| PROBLEM TO SOLVE |
Would you please copy all of the data exactly, skipping the images?

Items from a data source
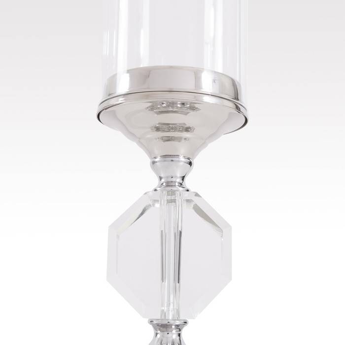 Metalowo-szklany świecznik Adele to wyrafinowany element oświetlenia, utrzymany w nowoczesnym stylu. Jego solidna podstawa wykonana została z niklowanej stali, a subtelną ozdobę stanowi kryształowe szkło. Świecznik Adele stanowi doskonałe uzupełnienie aranżacji zarówno salonu, jak i sypialni, wprowadzając do wnętrza ciepło i przytulny klimat.
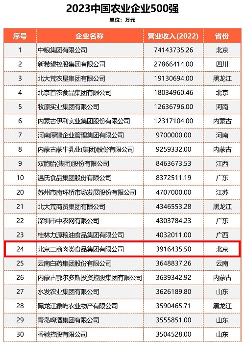 近日,农民日报社发布了“2023中国农业企业500强”榜单(公示版),经信息汇集、严格审核、专家评议等程序,北京二商肉类食品集团有限公司在首农食品集团的带领下,凭借创新经营、务实发展的良好态势,以2022年度391.6亿元的营业收入再次入选该榜单,位居第24位,较上一年提升7个位次。
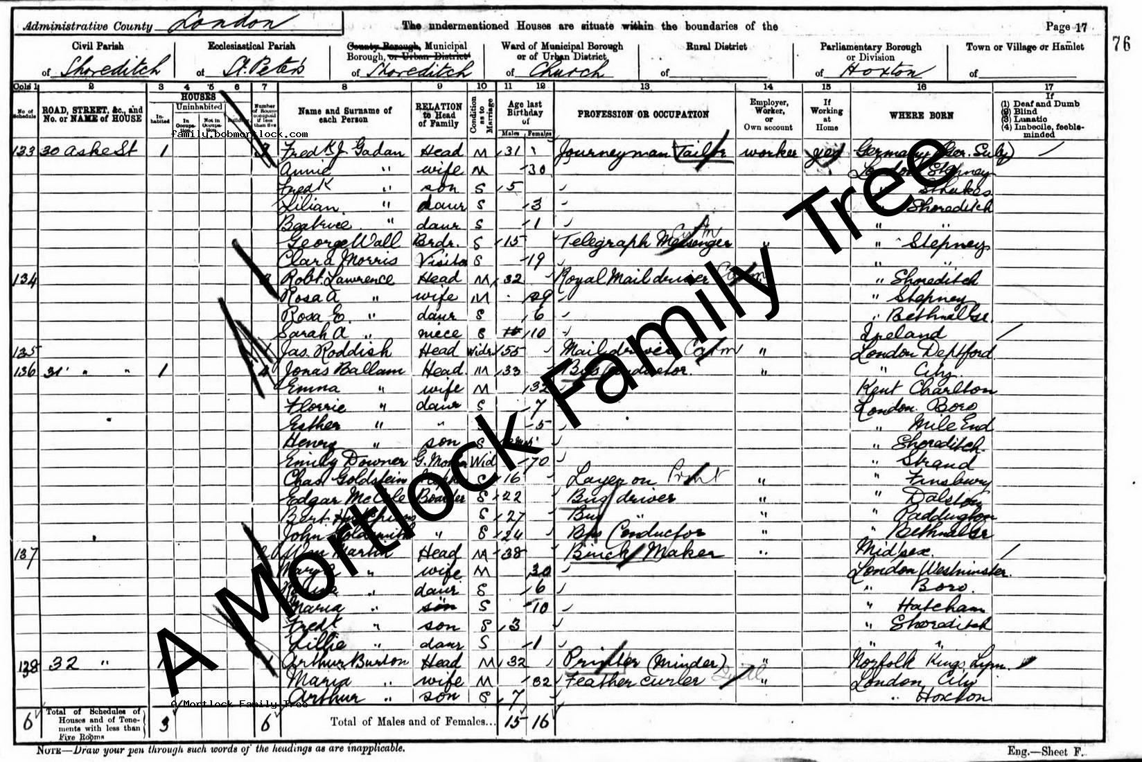 | Census | 31 March 1901 (Age 19 months) Shoreditch, E London, England |
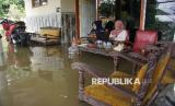 Warga duduk di teras rumah sambil bekerja saat banjir mengenangi Dusun Beluk, Desa Jombok, Kecamatan Kesamben, Kabupaten Jombang, Jawa Timur, Senin (9/12/2024). Dari data BPBD Kabupaten Jombang, banjir akibat luapan sungai Afvour Watudakon itu merendam ratusan rumah dengan ketinggian bervariasi mulai 30 sentimeter hingga 60 sentimeter, selain itu sebanyak 600 jiwa terdampak serta 55 orang mengungsi ke tempat aman. (FOTO : ANTARA FOTO/Syaiful Arif)
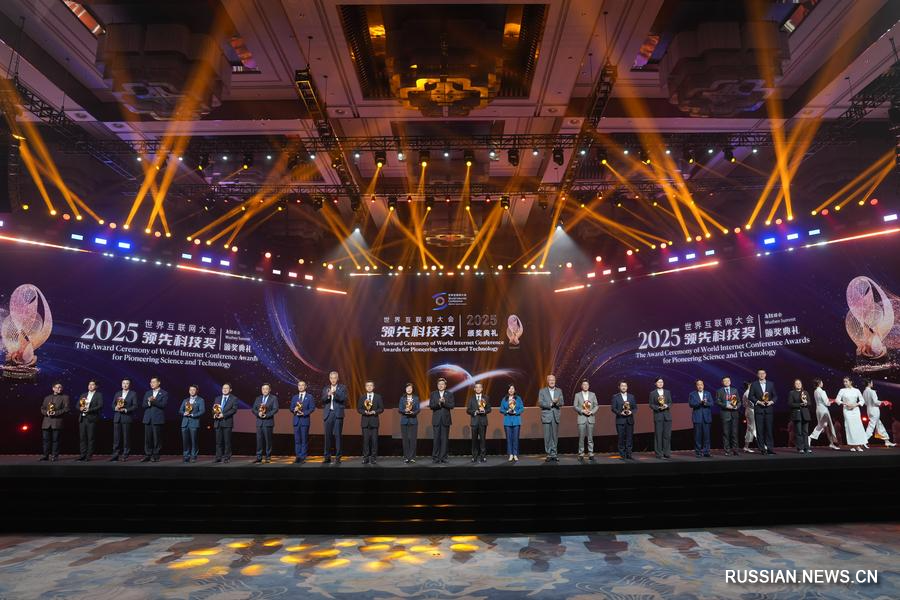 Ханчжоу, 7 ноября /Синьхуа/ Церемония вручения премий Всемирной конференции по вопросам интернета /World Internet Conference, WIC/ 2025 года за новаторские достижения в области науки и технологий состоялась в четверг в поселке Учжэнь /пров. Чжэцзян, Восточный Китай/. Премии за прорывы в передовых областях получили 17 международных проектов.

| WRITTEN ANSWER |
 Metalowo-szklany świecznik Adele to wyrafinowany element oświetlenia, utrzymany w nowoczesnym stylu. Jego solidna podstawa wykonana została z niklowanej stali, a subtelną ozdobę stanowi kryształowe szkło. Świecznik Adele stanowi doskonałe uzupełnienie aranżacji zarówno salonu, jak i sypialni, wprowadzając do wnętrza ciepło i przytulny klimat.
 近日,农民日报社发布了“2023中国农业企业500强”榜单(公示版),经信息汇集、严格审核、专家评议等程序,北京二商肉类食品集团有限公司在首农食品集团的带领下,凭借创新经营、务实发展的良好态势,以2022年度391.6亿元的营业收入再次入选该榜单,位居第24位,较上一年提升7个位次。
 | Census | 31 March 1901 (Age 19 months) Shoreditch, E London, England |
 Warga duduk di teras rumah sambil bekerja saat banjir mengenangi Dusun Beluk, Desa Jombok, Kecamatan Kesamben, Kabupaten Jombang, Jawa Timur, Senin (9/12/2024). Dari data BPBD Kabupaten Jombang, banjir akibat luapan sungai Afvour Watudakon itu merendam ratusan rumah dengan ketinggian bervariasi mulai 30 sentimeter hingga 60 sentimeter, selain itu sebanyak 600 jiwa terdampak serta 55 orang mengungsi ke tempat aman. (FOTO : ANTARA FOTO/Syaiful Arif)
 Ханчжоу, 7 ноября /Синьхуа/ Церемония вручения премий Всемирной конференции по вопросам интернета /World Internet Conference, WIC/ 2025 года за новаторские достижения в области науки и технологий состоялась в четверг в поселке Учжэнь /пров. Чжэцзян, Восточный Китай/. Премии за прорывы в передовых областях получили 17 международных проектов.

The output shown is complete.